### Prompt
Search term "later": please show all lines in the listing that contain it.

### Data shown

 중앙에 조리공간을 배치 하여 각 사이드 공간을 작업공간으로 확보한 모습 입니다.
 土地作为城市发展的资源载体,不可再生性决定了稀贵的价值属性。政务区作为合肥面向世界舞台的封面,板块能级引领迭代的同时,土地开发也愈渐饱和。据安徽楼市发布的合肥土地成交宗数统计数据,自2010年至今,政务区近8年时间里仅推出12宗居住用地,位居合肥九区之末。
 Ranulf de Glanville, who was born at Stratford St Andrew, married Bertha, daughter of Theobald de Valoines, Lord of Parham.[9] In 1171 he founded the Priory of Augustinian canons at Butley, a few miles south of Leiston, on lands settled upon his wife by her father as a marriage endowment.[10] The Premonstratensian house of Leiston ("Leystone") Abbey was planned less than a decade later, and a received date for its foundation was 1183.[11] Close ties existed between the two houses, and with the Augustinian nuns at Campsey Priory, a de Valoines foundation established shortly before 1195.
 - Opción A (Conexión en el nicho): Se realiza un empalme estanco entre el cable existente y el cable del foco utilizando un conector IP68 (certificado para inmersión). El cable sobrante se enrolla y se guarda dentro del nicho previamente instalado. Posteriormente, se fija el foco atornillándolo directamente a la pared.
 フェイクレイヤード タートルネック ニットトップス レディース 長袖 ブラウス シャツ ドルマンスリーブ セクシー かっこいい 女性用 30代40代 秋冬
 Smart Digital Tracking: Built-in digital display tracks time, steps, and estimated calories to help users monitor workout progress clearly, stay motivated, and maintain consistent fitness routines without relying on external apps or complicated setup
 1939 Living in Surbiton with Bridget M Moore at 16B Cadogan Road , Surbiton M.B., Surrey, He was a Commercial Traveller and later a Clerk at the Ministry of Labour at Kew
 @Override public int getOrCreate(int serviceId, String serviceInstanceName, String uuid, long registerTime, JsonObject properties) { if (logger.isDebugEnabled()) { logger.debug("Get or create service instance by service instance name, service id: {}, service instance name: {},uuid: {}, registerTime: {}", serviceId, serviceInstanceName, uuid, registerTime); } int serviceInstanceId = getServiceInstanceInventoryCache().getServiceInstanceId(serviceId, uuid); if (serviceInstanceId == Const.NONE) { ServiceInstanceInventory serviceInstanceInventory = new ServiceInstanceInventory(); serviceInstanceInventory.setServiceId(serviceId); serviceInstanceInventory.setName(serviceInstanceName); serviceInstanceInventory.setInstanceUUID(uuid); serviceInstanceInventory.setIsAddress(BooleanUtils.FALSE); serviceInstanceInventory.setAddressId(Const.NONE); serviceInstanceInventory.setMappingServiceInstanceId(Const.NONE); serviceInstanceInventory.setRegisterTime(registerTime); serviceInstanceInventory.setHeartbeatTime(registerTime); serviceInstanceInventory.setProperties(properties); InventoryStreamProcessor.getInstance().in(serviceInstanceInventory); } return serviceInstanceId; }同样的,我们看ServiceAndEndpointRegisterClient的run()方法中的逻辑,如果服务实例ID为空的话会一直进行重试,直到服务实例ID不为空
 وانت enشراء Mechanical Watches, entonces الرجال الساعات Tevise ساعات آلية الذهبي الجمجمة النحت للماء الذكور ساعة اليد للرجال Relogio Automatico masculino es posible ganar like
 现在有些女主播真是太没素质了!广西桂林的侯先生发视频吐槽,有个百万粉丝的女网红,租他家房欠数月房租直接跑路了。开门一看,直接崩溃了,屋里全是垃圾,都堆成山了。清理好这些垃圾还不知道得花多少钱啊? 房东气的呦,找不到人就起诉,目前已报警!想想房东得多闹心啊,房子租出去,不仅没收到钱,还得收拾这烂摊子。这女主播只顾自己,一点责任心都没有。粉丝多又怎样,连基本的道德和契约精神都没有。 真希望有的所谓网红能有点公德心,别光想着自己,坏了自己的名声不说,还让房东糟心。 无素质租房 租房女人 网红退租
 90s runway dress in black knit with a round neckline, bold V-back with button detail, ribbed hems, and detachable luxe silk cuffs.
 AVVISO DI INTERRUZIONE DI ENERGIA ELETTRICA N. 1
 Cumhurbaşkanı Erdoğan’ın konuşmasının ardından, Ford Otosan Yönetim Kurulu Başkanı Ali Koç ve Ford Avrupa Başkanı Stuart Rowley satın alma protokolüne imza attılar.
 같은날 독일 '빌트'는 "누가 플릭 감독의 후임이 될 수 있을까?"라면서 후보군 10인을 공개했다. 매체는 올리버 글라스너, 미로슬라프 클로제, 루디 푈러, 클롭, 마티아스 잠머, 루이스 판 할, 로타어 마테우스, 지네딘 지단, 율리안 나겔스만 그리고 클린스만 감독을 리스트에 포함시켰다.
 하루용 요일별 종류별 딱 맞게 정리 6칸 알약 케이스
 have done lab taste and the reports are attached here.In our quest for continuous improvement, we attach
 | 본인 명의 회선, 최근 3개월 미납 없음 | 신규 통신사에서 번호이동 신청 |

### Solution
 Ranulf de Glanville, who was born at Stratford St Andrew, married Bertha, daughter of Theobald de Valoines, Lord of Parham.[9] In 1171 he founded the Priory of Augustinian canons at Butley, a few miles south of Leiston, on lands settled upon his wife by her father as a marriage endowment.[10] The Premonstratensian house of Leiston ("Leystone") Abbey was planned less than a decade later, and a received date for its foundation was 1183.[11] Close ties existed between the two houses, and with the Augustinian nuns at Campsey Priory, a de Valoines foundation established shortly before 1195.
 1939 Living in Surbiton with Bridget M Moore at 16B Cadogan Road , Surbiton M.B., Surrey, He was a Commercial Traveller and later a Clerk at the Ministry of Labour at Kew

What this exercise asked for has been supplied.